The National Institute for Health and Excellence has advised the NHS not to use Spinraza for the rare genetic disorder spinal muscular atrophy (SMA). In its assessment it said that there was a ‘substantial benefit’ for the drug, but the commiteee felt there were ‘significant uncertainties, particularity around its long term benefits’ partnered with Spinraza’S extremely high cost, means it would not be recommended as a cost effective treatment option.
However, NICE has said that Biogen intendeds to develop a proposed managed access programme that might adresss uncertainties in the evidence and reduce financial risk to the NHS.
The Scottish Medicines Consortium has approved funding for four newly licensed medicines.
Tesaro UK’s Zeluja was accepted for use for advanced ovarian cancer. In trials, it was found to cut the risk of disease progression or death by 73%
Roche’s Alecensa, was approved for its treatment of a rare type of advanced lung cancer. It has been found by Roche to decrease the risk of progression of the disease by almost half and reduce the risk of tumours in the central nervous system by 84%
Sweden’s Orphans Ravicti was approved for its long term treatment of urea cycle disorders in adults and children.
Pharmings Ruconest was accepted for the treatment of patients with the rare condition acute hereditary angioedema, which can cause painful and dangerous swelling anywhere in the body.
However it wasn’t all approvals for NHS Scotland with BioMarins Kuvan being rejected for concerns about long term benefits and cost effectiveness. As well as Vifor Pharmas Veltassa for the treatment of hyperkalaemia being rejected for cost effectiveness issues
Eisia and MSD’s Lenvima has been approved in the USA for the first line treatment of patients with unresectable hepatocellular carcinoma. The decision was based on results of the REFLECT trial in which Lenvima showed superiority compared to Bayers Nexavar.

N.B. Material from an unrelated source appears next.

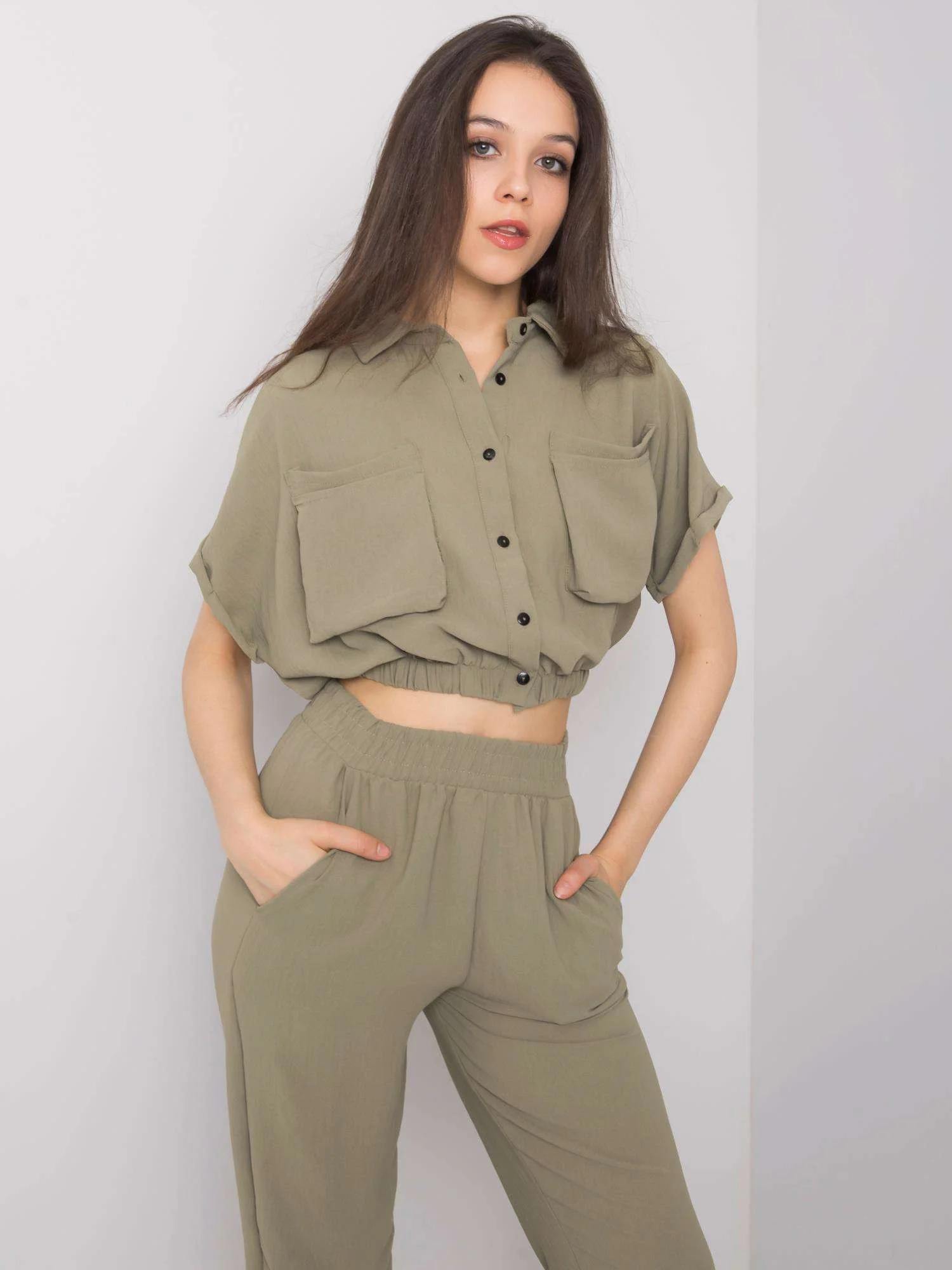 RUE PARIS Khaki ležérna súprava . sada obsahuje: nohavice, blúzku Zloženie materiálu: 95% polyester, 5% elastan spôsob prania: pranie v práčke na 30 °C Modelka má na sebe veľkosť S. Rozmery modelky: výška 173 cm, poprsie 78 cm, pás 60 cm, boky 90 cm. Rozmery súpravy vo veľkosti S merané na plocho: šírka v podpazuší - 53 cm, dĺžka blúzky - 40 cm, šírka v páse - 33 cm, dĺžka nohavíc - 89 cm Veľkosť Alt.Výška Obvod hrudníka hrudník Externé. dĺžka. rukáv Vnútorné. dĺžka rukávov S 36 160-164 82 59 49 M 38 162-172 86 61 51 L 40 164-174 91 63 53 XL 42 166-178 96 65 55

NICE has stuck with its position that Roche’s Perjeta is not cost effective enough to be used by the NHS, post surgery to prevent breast cancer recurrence. The institute did not recommend Perjeta, it believes that further consultation is needed ‘to give people the opportunity to commit on updated cost effectiveness estimates’ which takes into account the costs of administering the drugs and the impact of cheaper biosimilar trastuzumab on reducing the overall cost of the Perjeta regimen. Evidence showed that adding Perjeta to the already tried regimen of trastuzumab and chemotherapy after surgery only made ‘ a small difference in the proportion of people who remained free of invasive disease and this effect itself was uncertain’. NICE also stated that the incremental cost effectiveness ratios for the drug are still likely to be higher than would normally be considered a good use of NHS resources.